Although diuretics are the mainstay of treating acutely decompensated HF, no long-term, randomized clinical trial has shown that they reduce morbidity or mortality, despite their relief of pulmonary and systemic venous congestion. Loop diuretics (e.g., furosemide, bumetenide, torsemide and ethacrynic acid) are used most commonly in HF patients, followed by thiazide and thiazide-like diuretics (e.g., chlorthalidone, hydrochlorothiazide, indapamide and metolazone), which are usually less effective in this setting. Treating volume overload with a loop diuretic reduces intracardiac filling pressure and cardiac output and, in hypertensive patients, may decrease systolic and diastolic blood pressures by as much as 15.8 and 8.2 mmHg, respectively.[63] Even if this fall in output is tolerated symptomatically, a consequent rise in blood urea nitrogen (BUN) may represent tissue hypoperfusion that warrants a reduction in dose.

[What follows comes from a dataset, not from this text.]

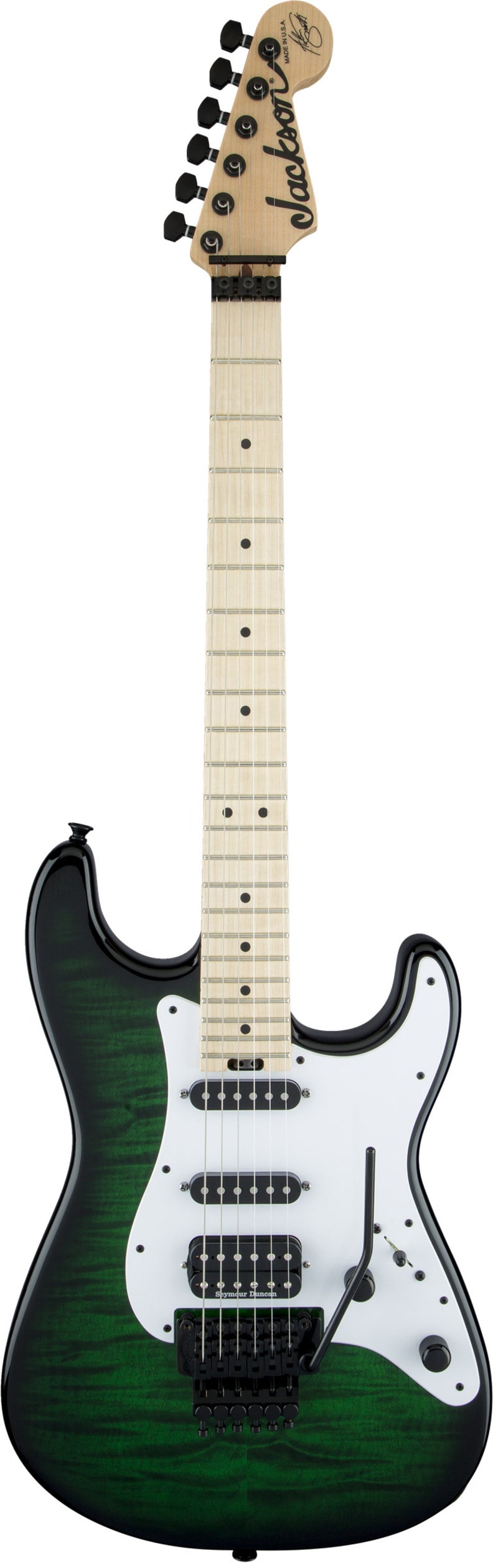 A Seymour Duncan® JB™ TB-4 humbucker in the bridge adds plenty of upper midrange attack, with a tight, articulate low end and harmonically rich highs. Samarium Cobalt Noiseless Single-Coil Strat® middle and neck pickups deliver authentic, noise-free Stratocaster snap with incredible dynamic and magnetic response. A five-way blade selector switch along with single volume and tone controls open up endless tonal possibilities, while the Floyd Rose® Original double-locking tremolo system keeps the guitar in tune through the roughest playing, set after set.

Thiazides can reduce the incidence of HF in patients with HTN and prevent HTN-related mortality and morbidity but fail to prolong survival if patients already have HF. Recent guidelines suggest using thiazide diuretics in hypertensive HF patients with mild fluid retention because of their persistent antihypertensive action.[19] The Heart Failure Society suggests adding chlorothiazide or metolazone to a loop diuretic if the latter is unsuccessful in reduce fluid retention alone.[8] One may fully block the distal convoluted tubule by administering a diuretic that affects the distal tubule, followed by a loop diuretic. This may increase the natriuresis in chronic renal failure patients, in whom thiazides alone are much less effective. However, this combination may not significantly reduce blood pressure.

Hydralazine & Nitrates

Combining isosorbide dinitrate and hydralazine with standard therapy is especially effective in prolonging the survival of African-American patients with moderate-to-severe HF,[64] and may provide good blood pressure control in those already taking an ACE inhibitor, β-blocker and, perhaps, also an aldosterone antagonist. The African-American Heart Failure Trial (AHeFT) showed that a fixed-dose combination of isosorbide dinitrate and hydralazine improved the survival of African-American patients with class III or IV HF by 43%.[64,65] The combination's reduction of blood pressure may have helped improve survival. Since this regimen calls for multiple daily doses, is less efficient in reducing mortality and blood pressure and causes more side effects than ACE inhibition alone and, therefore, it is usually added to ACE inhibitor and β-blocker therapy (Figure 2).[14]

Figure 2.

Choice of agents in treatment of hypertension in patients with low ejection fraction. ACE-I = Angiotensin-converting enzyme inhibitor; ARB = Angiotensin receptor blocker; HF = Heart failure; I/H = Isosorbide dinitrate and hydrazine; LVD = Left ventricular dysfunction; MI = Myocardial infarction.

Less-ideal Agents

Some drugs are not recommended for HF patients. Calcium channel blockade does not improve symptoms and can worsen CHF and the risk of death in these patients. Amlodipine and felodipine neither improve nor worsen the survival of HF patients[66,67] and, generally, would not be chosen before other drugs of known survival benefit. However, the American College of Cardiology (ACC), American Heart Association (AHA) and Heart Failure Society accept using amlodipine in HF patients with HTN because it may be safe and well tolerated.[19] Limited trials have reported that reducing central sympathetic outflow (clonidine) and blocking peripheral α-receptors (prazosin) can benefit CHF patients.[29,30] These agents are not recommended for CHF at this time. Potent vasodilators (minoxidil) are avoided in HF patients because they promote sodium retention (Table 1).[19]